Man, I feel for ya if it is "one of those customers" ... if they are "one of those customers" I wonder if a local nursery has some leftover or surplus maple stock they can cut you a deep discount on? Either that or see if she can hold off til after Labor Day (crazy discounts on trees at the big boxes, etc. then AND fall is a better planting time anyway.

Best o' Success!


----------



## krusej23 (May 8, 2018)

I would just tell her that she needs to wait and see if it actually dies or not. It could just be the drought or it could be that it impacted the tree a little and it could come back from it.


----------



## SCGrassMan (Dec 17, 2017)

stotea said:


> How big/old is the tree? I can't imagine it would be affected by incidental glyphosate unless it's very young. When I killed my lawn for my reno, my maple was not affected whatsoever even with exposed roots.


Probably 6-8" diameter.

I think it's the 103 degrees for 5 days with no water.


----------



## Herbi Side 4 Life (May 9, 2019)

I sprayed around my 9' diameter oaks with concentrated glyphosphate a couple of weeks ago and haven't noticed any decline. Though we did have significant rainfall here.

The only precautions i took was removing any suckers from the bark that could absorb the herbicide and made sure to avoid any parts of the trunk where the bark looked weak.


----------



## smurg (May 30, 2018)

440mag said:


> Well smear my ears with jelly and tie me to an ant hill ...
> 
> I had started to post that tress do not absorb Glyphosate through their roots but that is / I woulda been WRONG!
> 
> ...


Glyphosate has little to no soil activity, it must be foliarly absorbed. That article's references are broken and a google search of multiple university articles say similiar. Use "site:.edu" to target those types.

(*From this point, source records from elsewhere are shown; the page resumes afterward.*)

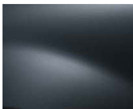
GRIS COMÈTE (KNA)
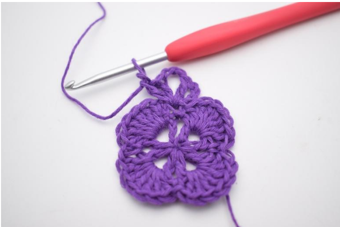
5. Virka 1 st, 1 lm och 1 st ner i samma maska. Det har nu bildats ytterligare ett V med 3 lm mellan. Detta är ett hörn.
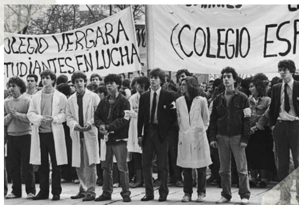
Imagen de la película que reconstruye la Noche de los lápices

-Están llegando los militares y ayer sus nombres estaban en lista, corran por favor.
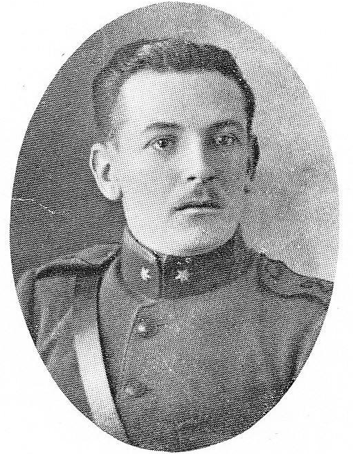
CHRISTIAENS, Remi-Auguste, né le 21 mars 1893, à Grammont. Lieutenant. Ordre Léopold; Croix de Guerre. Tombé en brave lors de la défense de la digue de l'Yser, succomba aux suites de ses blessures, le 13 août 1916, à Steenkerke.

Although I'd be surprised for a tree that size to see significant damage from 5 day heat wave (I'm no expert though).


----------



## krusej23 (May 8, 2018)

@SCGrassMan Any update?


----------



## SCGrassMan (Dec 17, 2017)

krusej23 said:


> @SCGrassMan Any update?


Not yet, but the small branches are still springy. I advised her to water the crap out of it.


----------